Le 2 mars 2022, le Bloc Québécois (parti politique fédéral indépendantiste implanté exclusivement au Québec) a déposé à la Chambre des Communes d’Ottawa une motion demandant essentiellement une garantie de maintien du pouvoir québécois au sein du gouvernement fédéral dans le cadre d’un redécoupage imminent de la carte électorale qui réduirait à terme le poids politique du Québec.
À intervalles réguliers, soit à tous les dix ans, les circonscriptions électorales canadiennes sont modifiées en fonction des résultats du dernier recensement; donc de l’évolution démographique du pays et de la répartition de la population sur le territoire. Et comme le poids démographique du Québec poursuit sa décroissance constante dans le Canada (voir tableau ci-dessous), son poids politique - c’est-à-dire son nombre de députés au sein de la chambre en proportion des autres provinces - en sera donc conséquemment diminué.
Dans ce contexte, plutôt que de prendre acte d’un état de fait indéniable et d’accepter les règles démocratiques les plus élémentaires en terme de représentativité parlementaire, des élus du parti indépendantiste québécois implorent un changement aux règles du jeux, ou à tout le moins, exigent qu’une exception soit faite pour sauvegarder le pouvoir de la nation québécoise au sein du Canada.

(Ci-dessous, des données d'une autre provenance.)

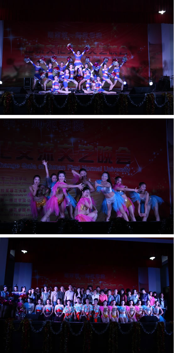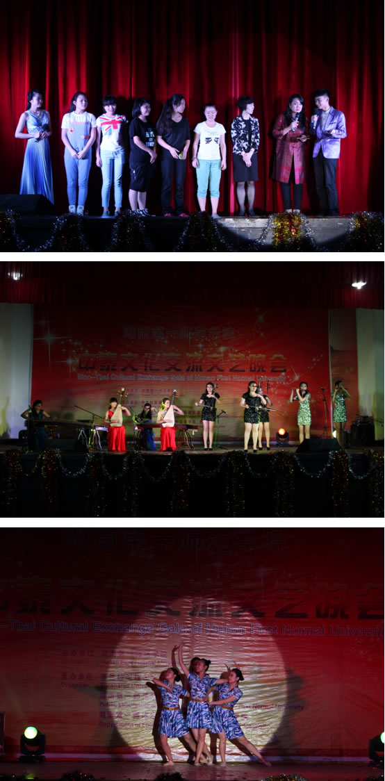 晚会的第二篇章为中国之韵。我系同学们为来自异国他乡的朋友献上了民乐合奏、现代舞蹈、女声独唱、健美操表演等节目。完全不同文化风格的表演在同一个舞台上展现,相互映衬,相得益彰,魅力四射。晚会结束后,泰国朋友们与我系师生合影留念。

Au lieu d’accepter cette tendance démographique, qui effectivement a un impact politique négatif pour le Québec, une partie des élites nationalistes de la province a fait le choix de demander au reste du pays de protéger son pouvoir politique, au détriment des autres provinces, sur un principe non-officiel et auto-proclamé de droit acquis, de caractère distinct, de préservation politique d’un des peuples fondateurs ou je ne sais quoi d’autre.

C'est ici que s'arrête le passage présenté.